## TASK DETAILS
Retype word for word the first line of the listing and each line after it up to the line with "Royal Air Force", with the pictures taken out.

───── THE RECORDS ─────

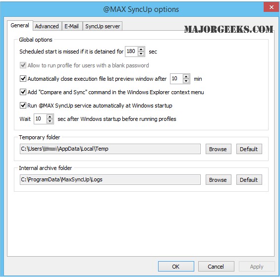 @MAX SyncUp secures all your essential files from accidental deletion or system crash by creating backups or synchronizing your files to a local folder, removable USB drive, networked computer, or Google Drive.
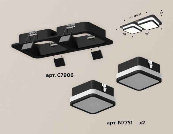 Ambrella XC7906012 Комплект встраиваемого светильника с акрилом SBK/FR
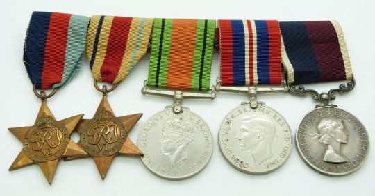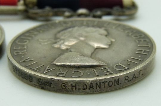Royal Air Force WWII medals comprising 1939/1945 Star, Africa Star, Defence Medal, War Medal and Long Service & Good Conduct Medal named to 573689 Sgt G H Danton
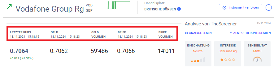 Bitte beachten Sie Folgendes beim Handel an den US- und kanadischen Börsen sowie der britischen und der portugiesischen Börse: Bei allen Zeitangaben in der Ansicht der Titel, z. B. beim letzten Aktienkurs, handelt es sich, sofern nicht anders angegeben, ab jetzt um die mitteleuropäische Zeit und nicht mehr um die jeweilige Ortszeit.
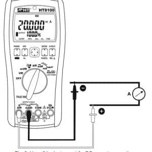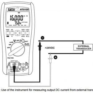 The HT8100 is a meter performing measurements as TRMS DMM as well as a process calibrator generating 0-20mA and 4-20mA DC current signals. As DMM the instrument carries out AC/DC/AC+DC voltage measurements up to 1000V and AC/DC/AC+DC current measurements up to 1A.
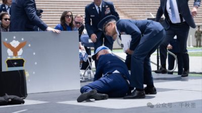 2021年3月,拜登在准备登上“空军一号”前往格鲁吉亚时两次摔倒,过后白宫将此归咎于“一阵不合时宜的风”。2022年6月,拜登在登机前往洛杉矶参加美洲峰会时,险些在舷梯上摔倒。2023年6月,在美国空军学院的毕业典礼上,西装革履的拜登在与毕业生握手后重重地摔在地上,并无法自己站起来,最终被一名空军军官和两名特勤局特工搀扶起来……
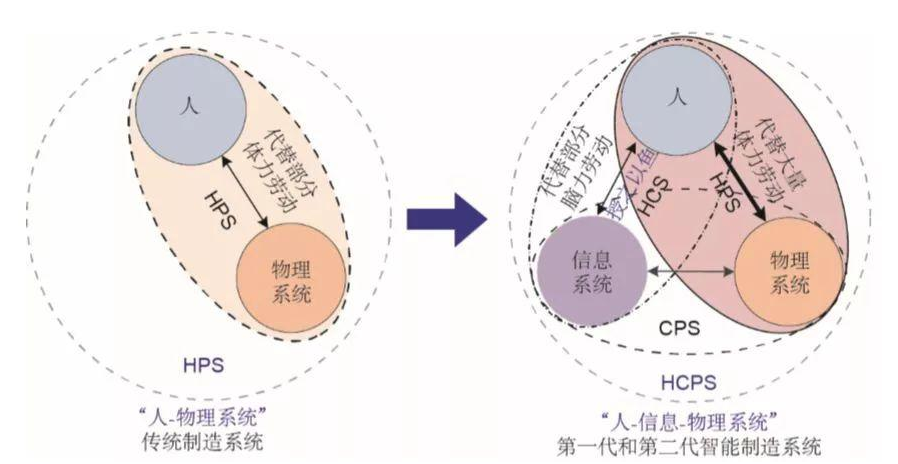 文章指出,传统制造系统包含人和物理系统两大部分,是完全通过人对机器的操作控制去完成各种工作任务,并可抽象描述“人-物理系统”(HPS)。与传统制造系统相比,第一代和第二代智能制造系统发生的本质变化是,在人和物理系统之间增加了信息系统,信息系统可以代替人类完成部分脑力劳动,人的相当部分的感知、分析、决策功能向信息系统复制迁移,进而可以通过信息系统来控制物理系统,以代替人类完成更多的体力劳动,这一转变可用 “人-信息-物理系统”(HCPS)进行描述。
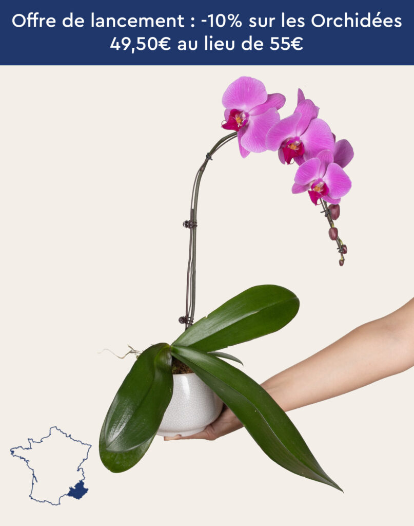 Cette Orchidée d’exception est cultivée dans le Var par un producteur passionné. Le climat méditerranéen favorise une floraison généreuse et durable. Les pétales fins, les longues hampes florales et le feuillage luxuriant offrent une composition florale raffinée et facile à entretenir. La floraison dure de 2 à 3 mois et l’Orchidée est labellisée Fleurs de France, garantissant sa qualité et son origine.
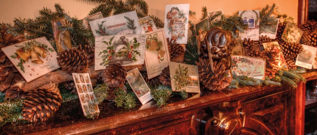 For this mantle-top display, Dawn utilized Jeanne’s collection of cards that date to the early 1900s.
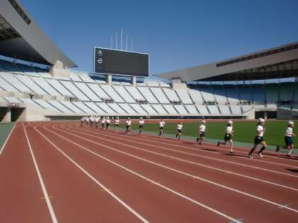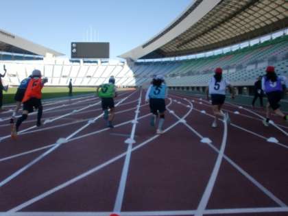 1周400メートルのトラックは、オリンピックなどと同じですが、テレビで観るよりもはるかに広く感じます。ボルトならあっという間ですが、子ども達には遠い距離です。

─────

## TASK RESPONSE
 @MAX SyncUp secures all your essential files from accidental deletion or system crash by creating backups or synchronizing your files to a local folder, removable USB drive, networked computer, or Google Drive.
 Ambrella XC7906012 Комплект встраиваемого светильника с акрилом SBK/FR
Royal Air Force WWII medals comprising 1939/1945 Star, Africa Star, Defence Medal, War Medal and Long Service & Good Conduct Medal named to 573689 Sgt G H Danton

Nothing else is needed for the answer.